Experimental verification of a translation model of linear transfer function of ultrasonic vibrations with nonlinear wave modulation for detection of contact-type failures

Abstract

Contact-type failures, such as the crack closure at the tip of a fatigue crack, closed delamination of composite materials, and loosening of bolted joints, are difficult to detect through nondestructive inspections using linear ultrasonic waves or vibrations. When low-frequency vibrations, such as environmental disturbances, operating vibrations, and vibrations excited by actuators, are applied to a structure with contact-type failure, the contact condition of the failure surface fluctuates in synchronization with the low-frequency vibration. The amplitude and phase of ultrasonic waves or vibrations through contact-type failure with fluctuating contact conditions are modulated in synchronization with low-frequency vibrations, that is, realizing nonlinear wave modulation. Previous reports have presented evaluation and localization methods of contact-type failure using amplitude and phase demodulation signals.

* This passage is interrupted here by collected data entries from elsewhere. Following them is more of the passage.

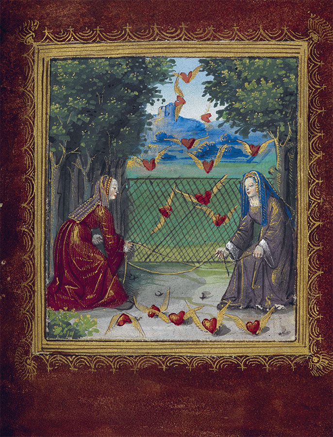 Очаровательная «Маленькая книга любви», написанная в начале XVI века, продолжает развивать символическое изображение сердца. В ней собраны 12 стихотворений и рисунков Пьера Сала, которые он посвятил возлюбленной Маргарите Буйю. На одной из картинок изображены две женщины, которые ловят крылатые сердца, словно бабочек[79]. Они, возможно, более пухлые, чем современные версии, но восхитительно узнаваемые. Французские игральные карты XV и XVI веков позаимствовали идеализированную форму сердца в качестве одной из четырех мастей, заменив чашу (или это был Грааль?) из карточных колод эпохи Ренессанса, использовавшихся в Испании и Италии. Оно задумывалось как легко узнаваемое во время карточной игры в любое время суток как в роскошных дворцах, так и в тускло освещенных притонах, и остается совершенно неизменным и спустя несколько столетий.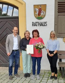 von links: Erster Bürgermeister Hartmut Stern, Personalrätin Claudia Sauer, die Jubilarin Petra Schrenker und Geschäftsstellenleitung Nicole Horzela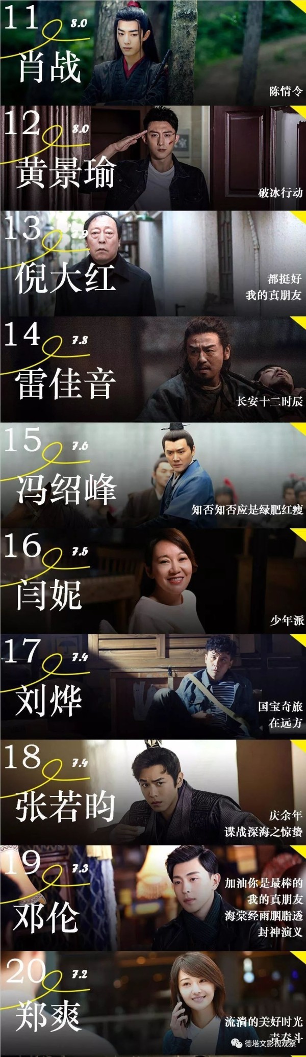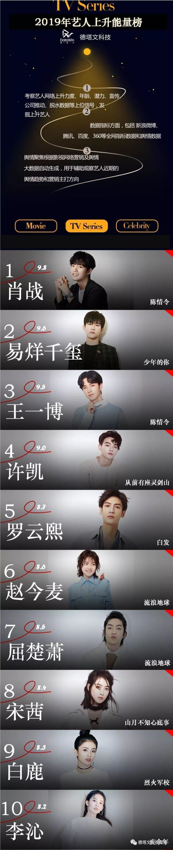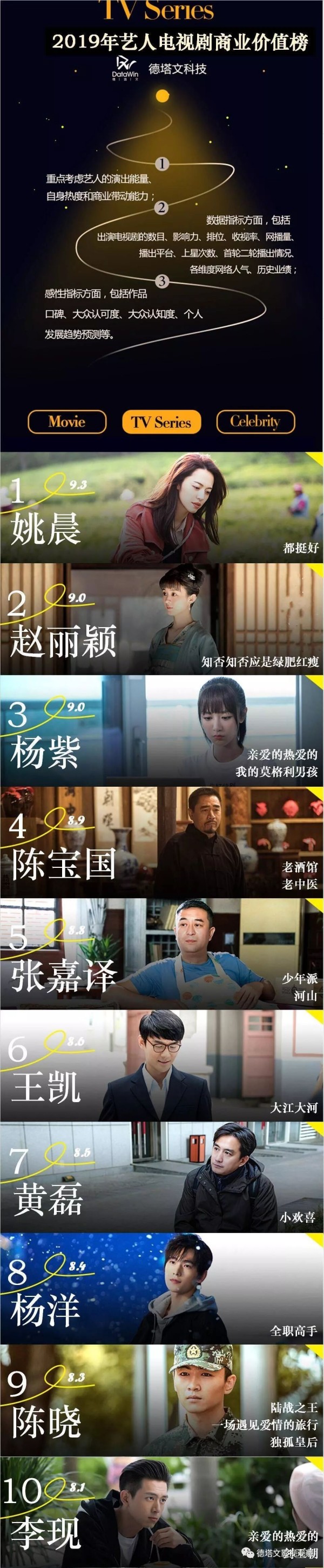 德塔文2019年影视艺人商业价值榜:上升榜、电视、电影、网络影响力

In this study, amplitude and phase demodulations were affected by the change in the viscous damping of a structure. Therefore, the essence of nonlinear wave modulation was considered to be the fluctuation of the natural frequencies. In this study, a visualization experiment of the fluctuation of natural frequencies caused by nonlinear wave modulation was conducted. The time-varying transfer function was reconstructed by measuring the amplitude and phase demodulation signals with the change in the excitation frequency. Moreover, the translation model of the transfer function of the ultrasonic vibration with nonlinear wave modulation was evaluated.